Crash reporting feature - design discussion
Open source disk encryption with strong security for the Paranoid
Brought to you by:
idrassi
Menu
▾
▴
(the original thread where this started can be found at https://sourceforge.net/p/veracrypt/discussion/general/thread/3903ea9e97/)
As requested by @idrassi, a system should be implemented, that collects VC crash reports and makes them available for usage by the developer team.
The requirements are loosely defined as:
"What is needed is a webpage (in PHP, for example) that would gather this information and store it in a database in a usable format. An admin interface should allow exploration of the entries in the database and the ability to export them.
Additionally, the webpage should include protection against spam and DOS attacks."

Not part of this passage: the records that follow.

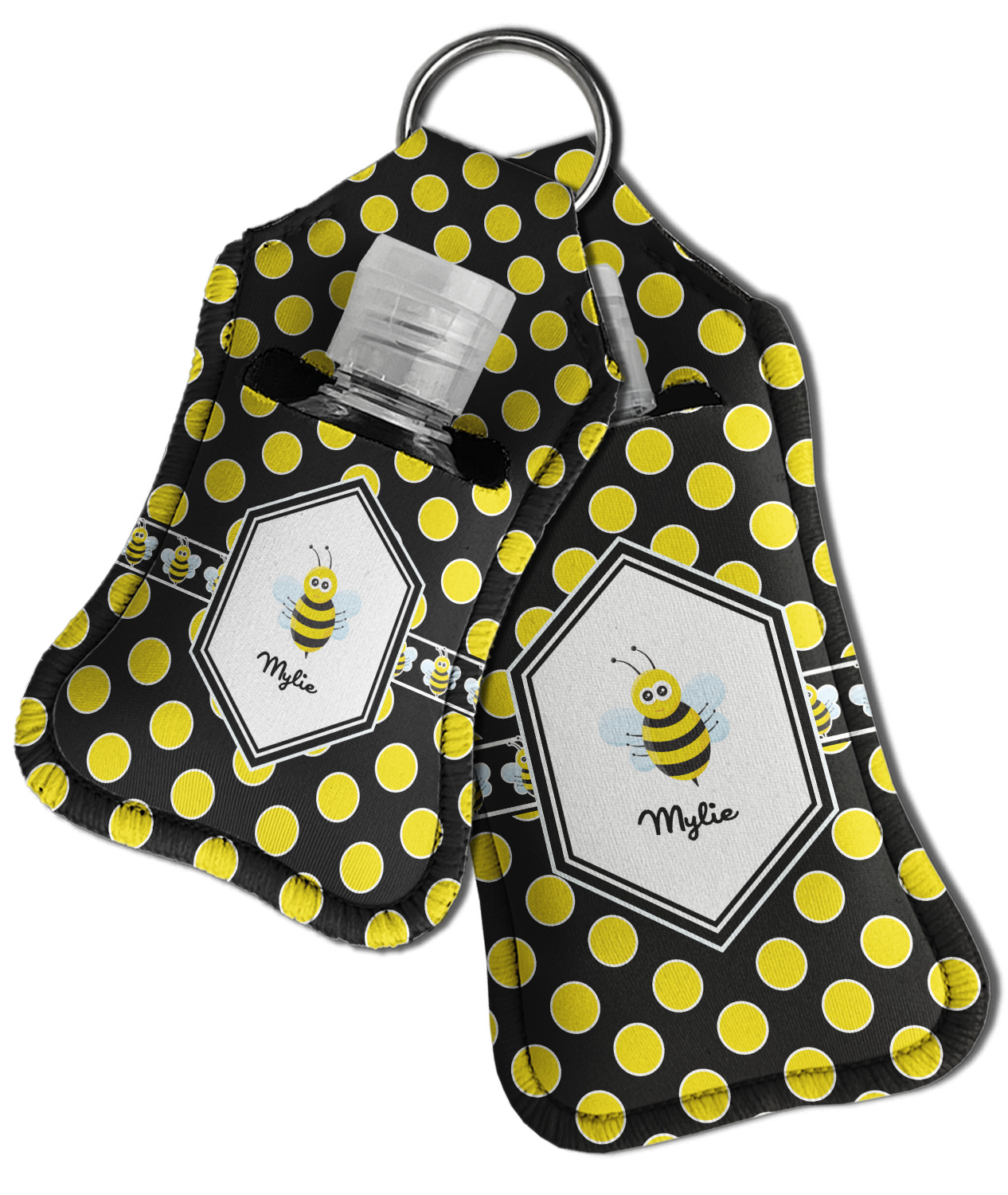Each hand sanitizer holder comes with its own empty travel-sized, refillable hand sanitizer sure to fit snug in your customized sanitizer case! Our hand sanitizer cases are a durable, yet soft neoprene material sure to last any daily activities or travel agenda. Customize and personalize a hand sanitizer bottle holder with one of our two sizes - small (4.25" x 2.25") or large (5.5" x 2.5"). Each travel sanitizer holder comes with a keyring for attachment on bags, keys, or more!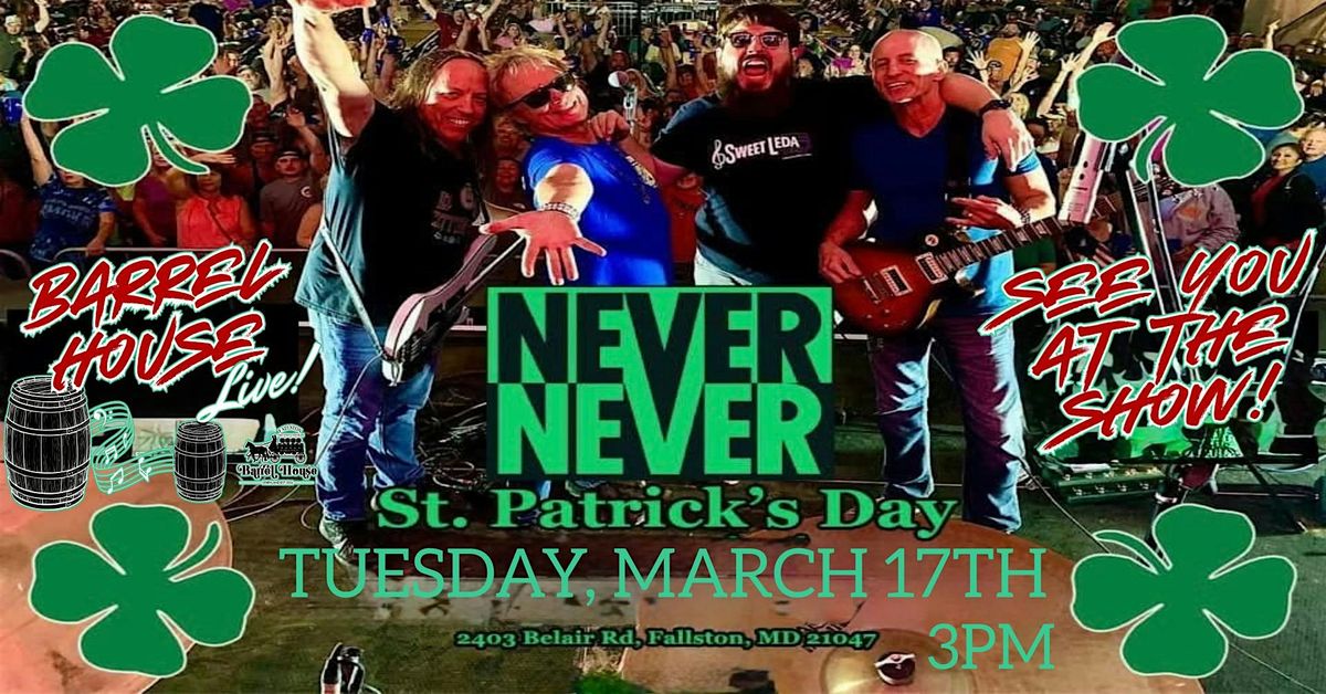 Never Never is taking the stage at Barrel House Live in Fallston on St. Patrick's Day, March 17th at 3pm in the Concert Hall! Don't miss out on the awsome tunes and vibes!Mark your calendars, grab your green attire, and we'll see ya there!
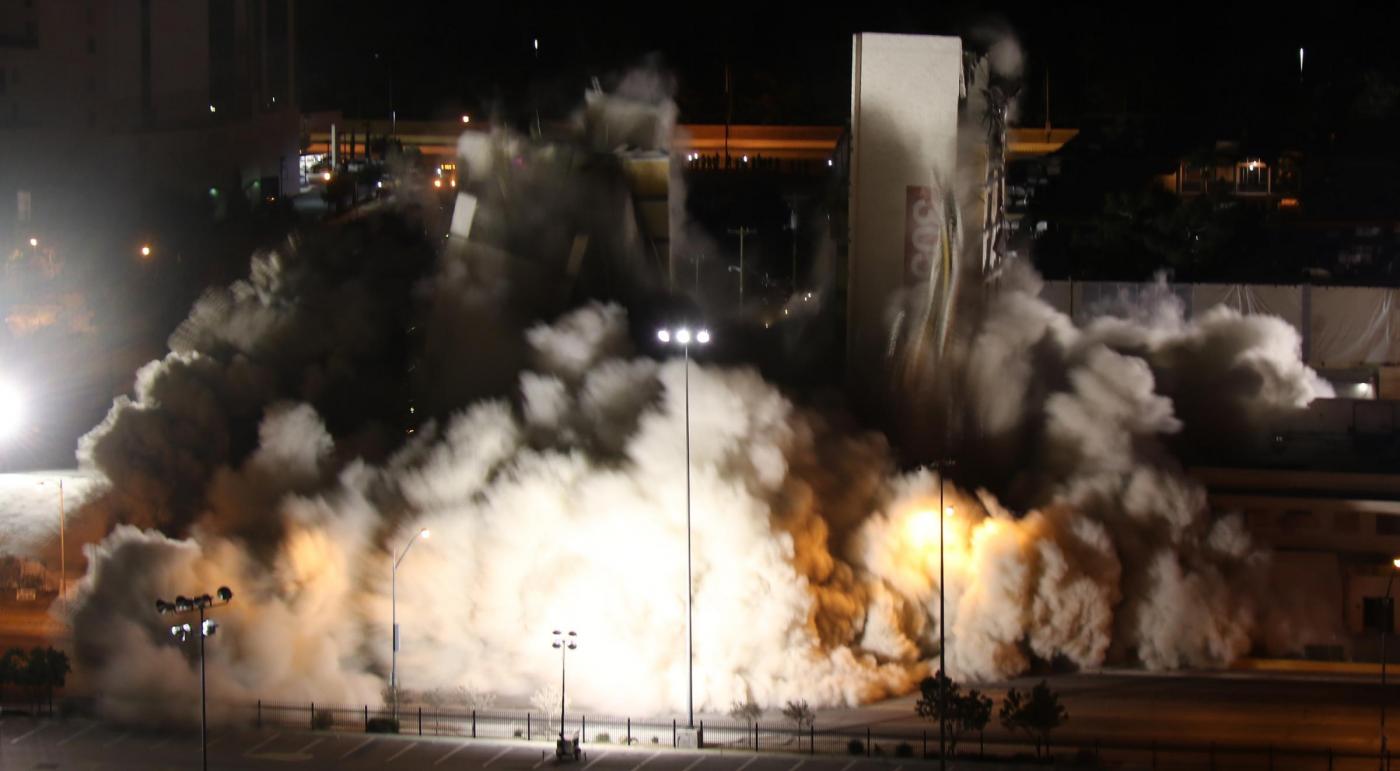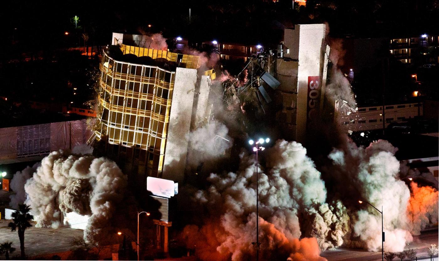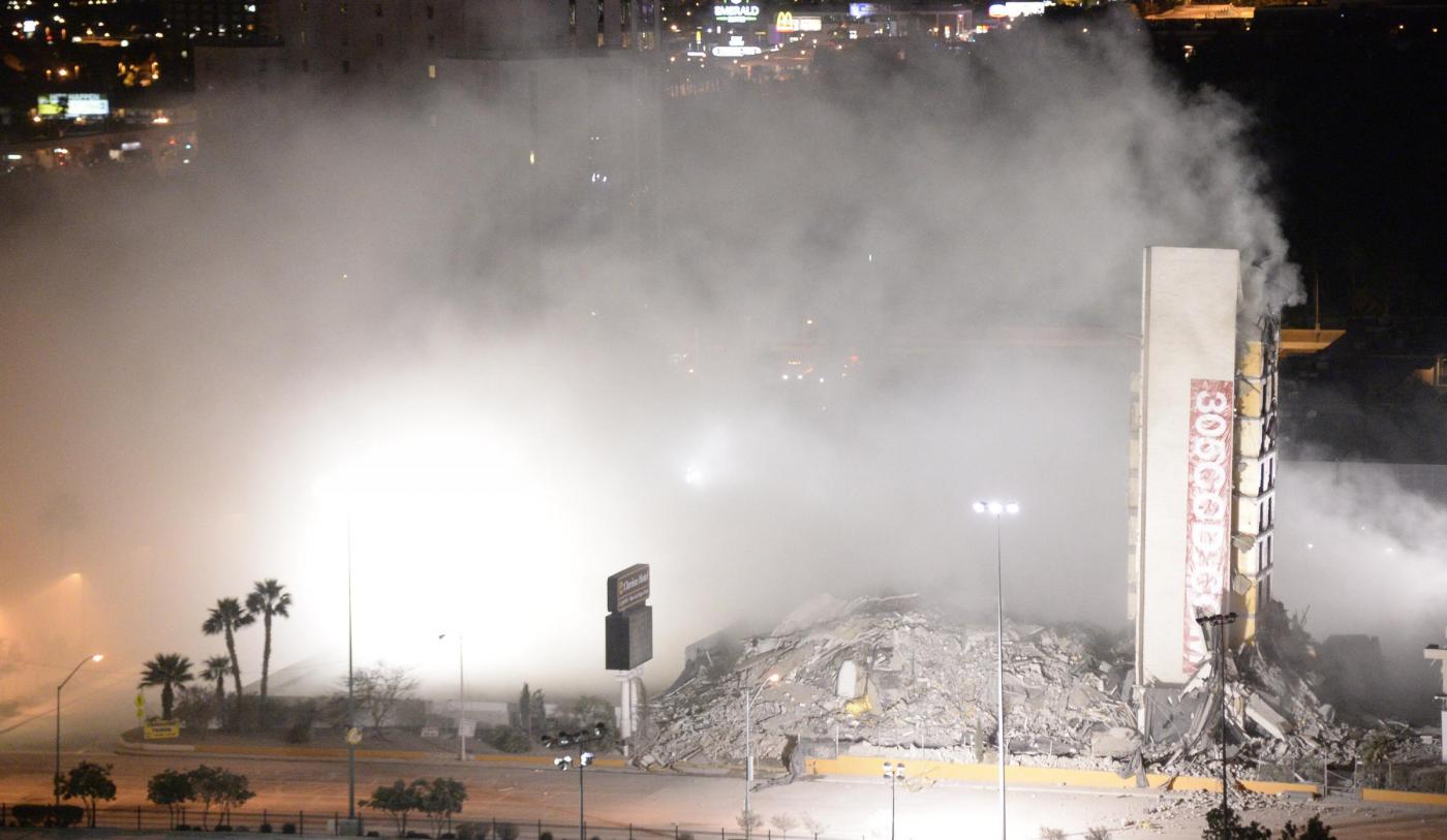 LAS VEGAS – Demolito a Las Vegas l’Hotel Calrion, una struttura da 12 piani e 200 camere, costruita nel 1970. Precedentemente noto come Debbie Reynolds, Greek Isles, Paddlewheel, Royal Americana e Royal Inn, questo albergo una cui porzione è rimasta in piedi per scelta, ora appartiene alla storia. Il nuovo proprietario Lorenzo Doumani, ad ottobre ha infatti sborsato ben 22.5 milioni di dollari ed ha intenzione di erigere un resort multi-funzionale senza gioco d’azzardo.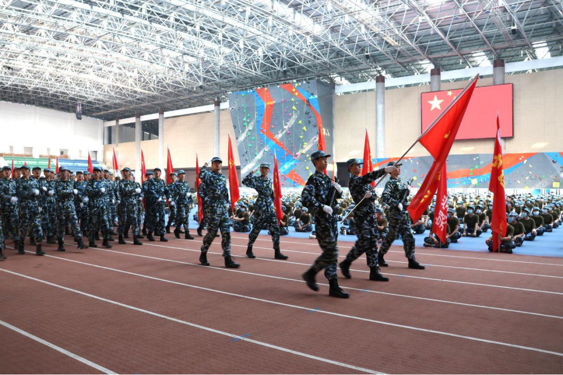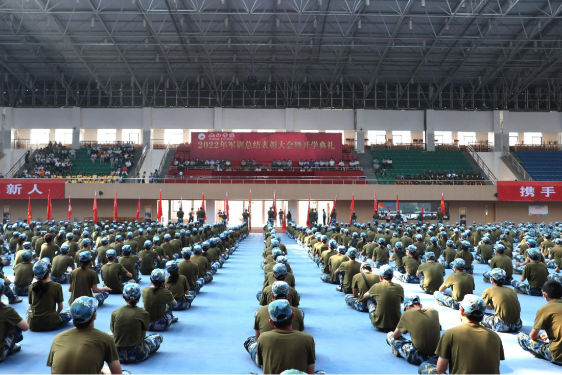 9月30日上午,我校在主校区体育训练中心召开2022年新生军训总结表彰大会暨开学典礼。校党委书记赵伟出席大会,并代表学校向武警九江支队赠送锦旗。校长陈小林致辞,勉励2022级新同学在最美的时光奋斗出最闪亮的青春,成就最美好的自己。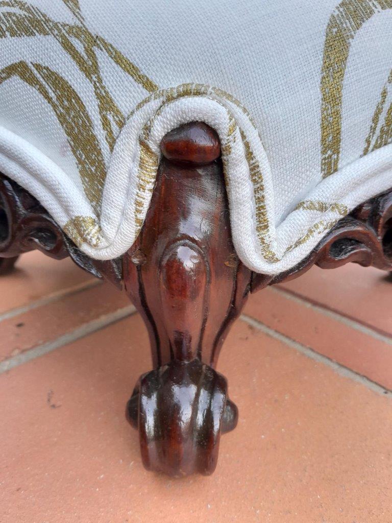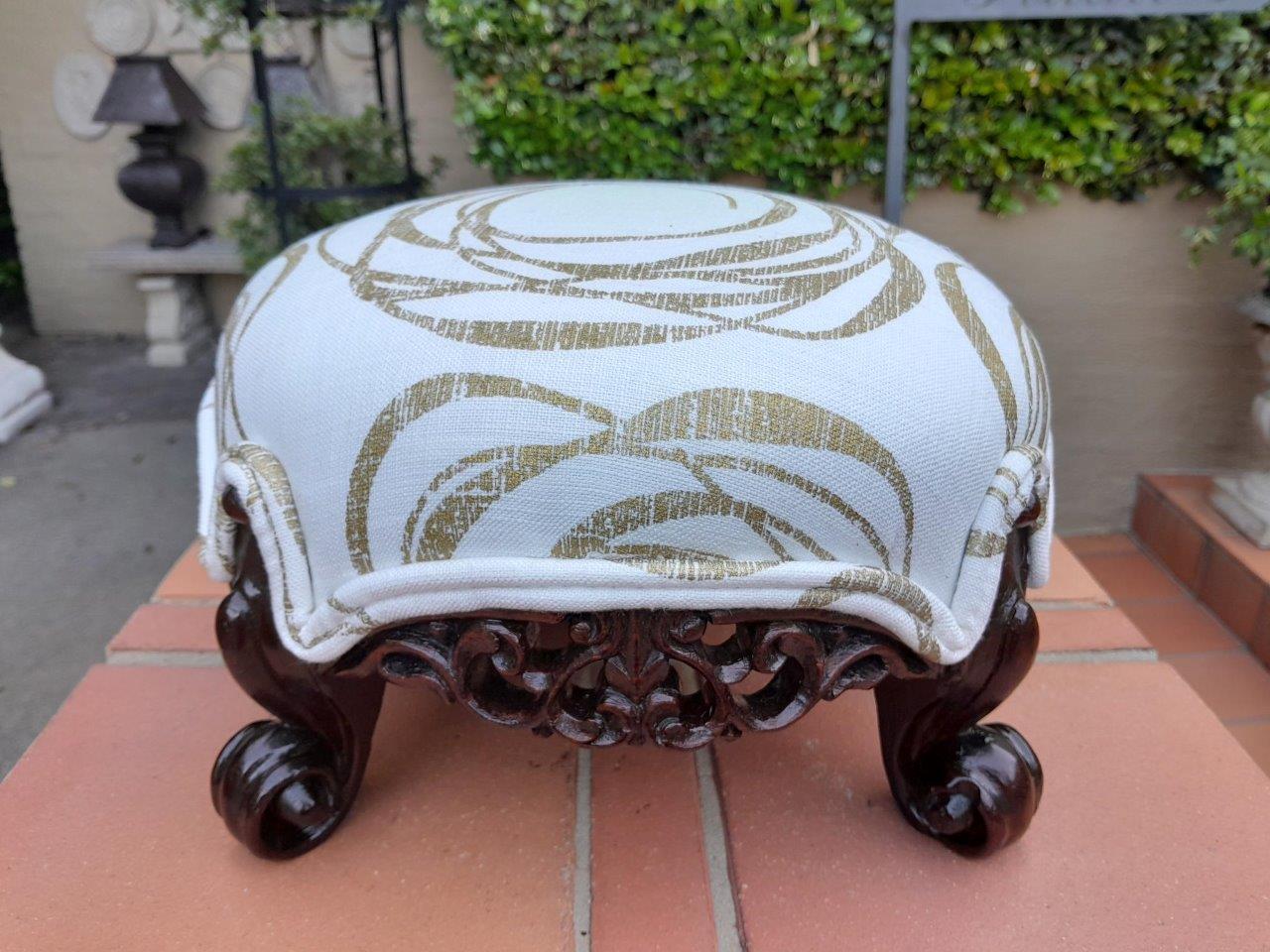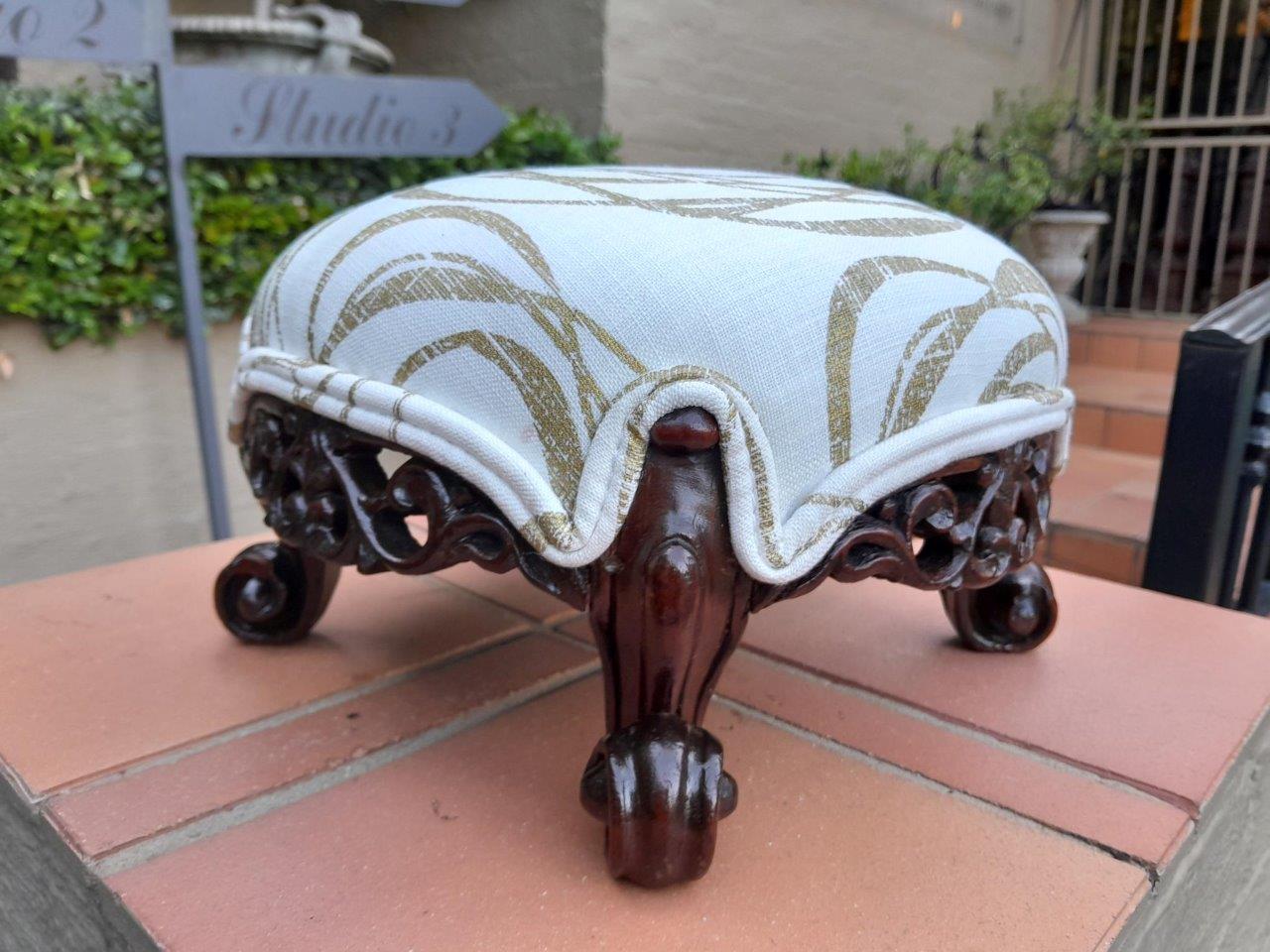 An Antique 19th Century Circa 1820s Carved Walnut Footstool Has British Antique Dealers Association Stamp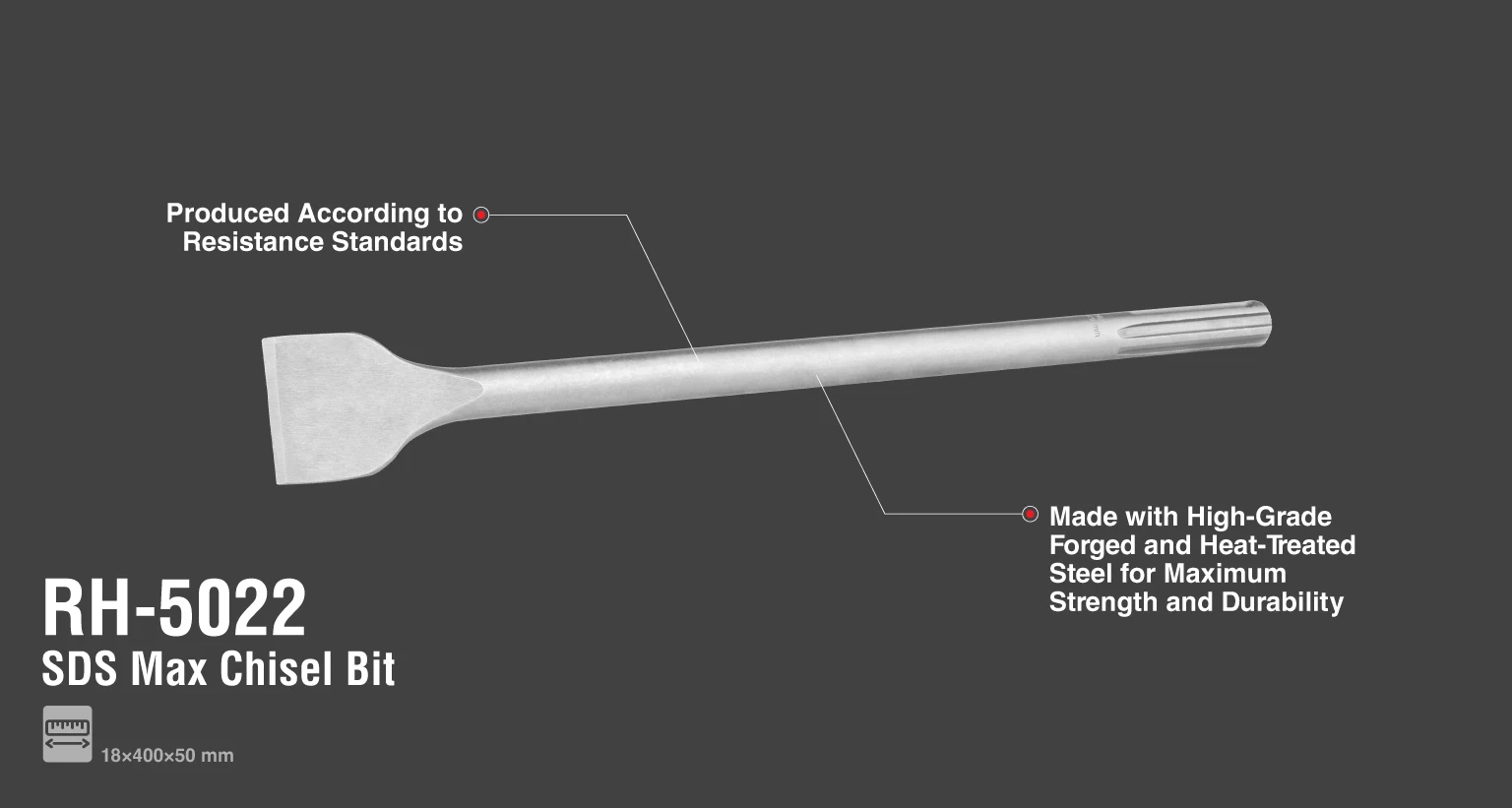 از دیگر ویژگی های این محصول طراحی نوک قلم و اندازه بزرگ بدنه آن است که به قلم کاری سریع و افزایش دقت و استمرار در عملیات تخریب کمک می کند. این قلم نوک پهن در ابعاد 50*400*18 میلی متر تولید شده و در لوله پلاستیکی طراحی شده توسط رونیکس به بازار ابزار ارائه شده است.

"Concerning the crash reporting mechanism, it collects the following information:
It's important to note that no personal information is included in the crash reports. The call stack captured is purely technical and does not contain any user data.
That being said, the server will naturally receive the user's IP address as part of the HTTP request. However, this IP address should not be stored in the database to protect user privacy. At the same time, implementing rate limiting or other mechanisms based on IP addresses would be a necessary step to protect against potential DOS attacks or spam submissions.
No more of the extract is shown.